20. Why This Trial Matters Statistically
D-CARE is a useful teaching example because the trial brings several fundamental survival-analysis concepts together in a large randomized phase 3 design. The primary endpoint is explicitly time-to-event, the event definition incorporates both bone metastasis and death, and the registry reports a stratified log-rank test together with a stratified Cox hazard ratio.
| Concept | How it appears in D-CARE |
|---|---|
| Randomization | 4,509 participants were enrolled in a randomized two-arm phase 3 trial. |
| Parallel design | The registry identifies the design model as parallel. |
| Quadruple masking | The registry identifies the masking as quadruple. |
| Time-to-event endpoint | BMFS is the registered primary endpoint. |
| Composite event definition | BMFS ends at first bone metastasis or death from any cause, whichever comes first. |
| Censoring | Participants alive without bone metastasis are censored according to the registered definition. |
| Stratified log-rank test | Used for the primary and posted secondary time-to-event comparisons. |
| Hazard ratio | Used as the effect measure for all five posted statistical analyses. |
| Stratified Cox model | Used to obtain the hazard-ratio estimates, stratified by the randomization factors. |
| Confidence intervals | All posted hazard ratios have two-sided 95% confidence intervals. |
| Superiority testing | The hypothesis type is reported as superiority for all five analyses. |
21. Statistical Concepts in This Trial
Learn more about the methods used in this trial:
22. Related Statistical Calculators
23. Sources
- ClinicalTrials.gov: D-CARE, NCT01077154.
- PubMed: PubMed record for PMID 38979716.
Continue through Clinical Biostats
Explore statistical tutorials and calculators related to survival analysis, hazard ratios, confidence intervals, randomization, and clinical-trial methods.
24. Record Summary
D-CARE is a randomized, parallel-group, quadruple-masked phase 3 trial of denosumab versus placebo in women with high-risk early breast cancer receiving neoadjuvant or adjuvant therapy.
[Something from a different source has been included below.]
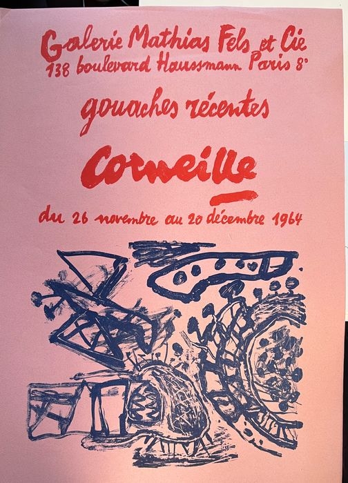 Corneille - Litho-affiche voor de tentoonstelling "Corneille Recente Gouaches" - Galerie Mathias Fels & Cie - 1964 Bijvoegen Zeer frisse staat voor een affiche van bijna 60 jaar oud. Poster Lithografie op roze papier - Galerie Mathias Fils & Cie - Parijs - november 1964 - Gedrukt door Michel Cassé, Parijs. Lyrische abstractie periode Schitterend lithografisch affiche van de schilder Guillaume Corneille (1922-2010), geboren in Luik uit Nederlandse ouders, stichtend lid van de COBRA-groep met onder andere Asger Jorn, Karel Appel, Dotremont, Constant, Alechinsky, Jacques Doucet en Hugo Claus. Referentie: oeuvrecatalogus door Donkersloot n°164 Zeer goede staat met lichte sluier aan de bovenkant en een lichte bult. Afmeting: 60,6 x 43,4 cm Herkomst: Atelier Corneille Veilige verzending door UPS

The registered primary endpoint, BMFS, is a time-to-event outcome defined by the first occurrence of bone metastasis or death from any cause. Its posted analysis used all randomized participants, a stratified log-rank test, and a stratified Cox proportional-hazards model. The reported primary hazard ratio was 0.97, with a two-sided 95% CI of 0.82–1.14 and a P-value of 0.70.
The four posted secondary analyses used the same general survival-analysis framework. The reported hazard ratios were 1.04 for DFS, 1.12 for DFS in the postmenopausal subset, 1.01 for overall survival, and 1.06 for distant recurrence-free survival. Their respective two-sided 95% confidence intervals all included 1, with P-values of 0.57, 0.26, 0.94, and 0.41.
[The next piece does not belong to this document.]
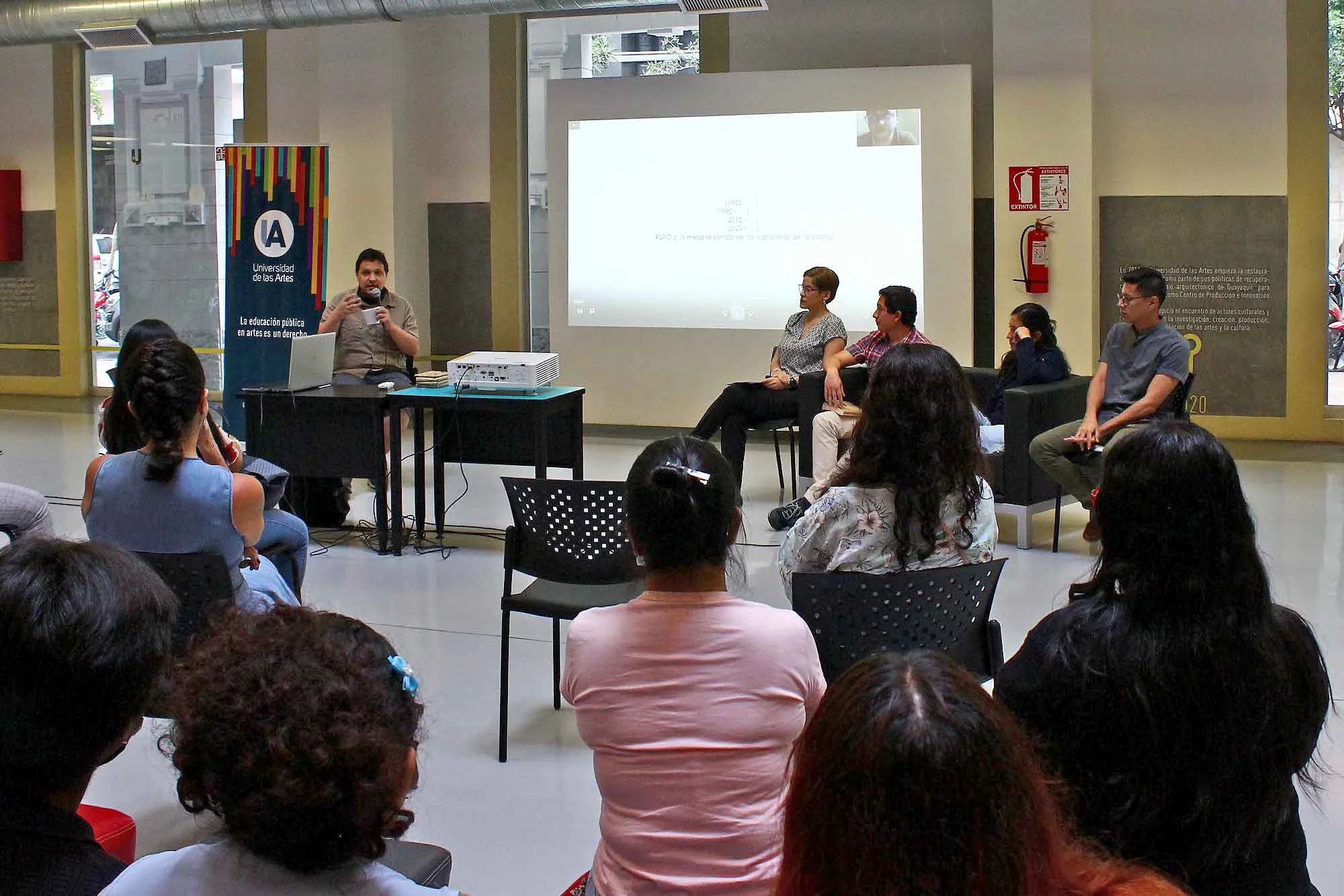 El conversatorio, titulado “Nuevas lecturas de la literatura ecuatoriana”, tuvo lugar el martes 7 en la Plaza Pública del Centro de Producción e Innvovación MZ14 de la UArtes. Intervino como moderador el docente Andrés Landázuri. Melanie Moreira y Laura Nivela se interesaron por la obra de Mónica Ojeda; José Gabriel Sánchez, por la de ficción de Alicia Yánez Cossíos; y, Carlos Cando, por la de Jorge Enrique Adoum.

Statistically, the most important lesson is that the primary BMFS result should be read as a complete time-to-event estimate: the hazard ratio, its confidence interval, the testing result, the endpoint definition, the analysis population, and the stratified survival model all contribute to its interpretation. A P-value alone does not describe the size or precision of an effect.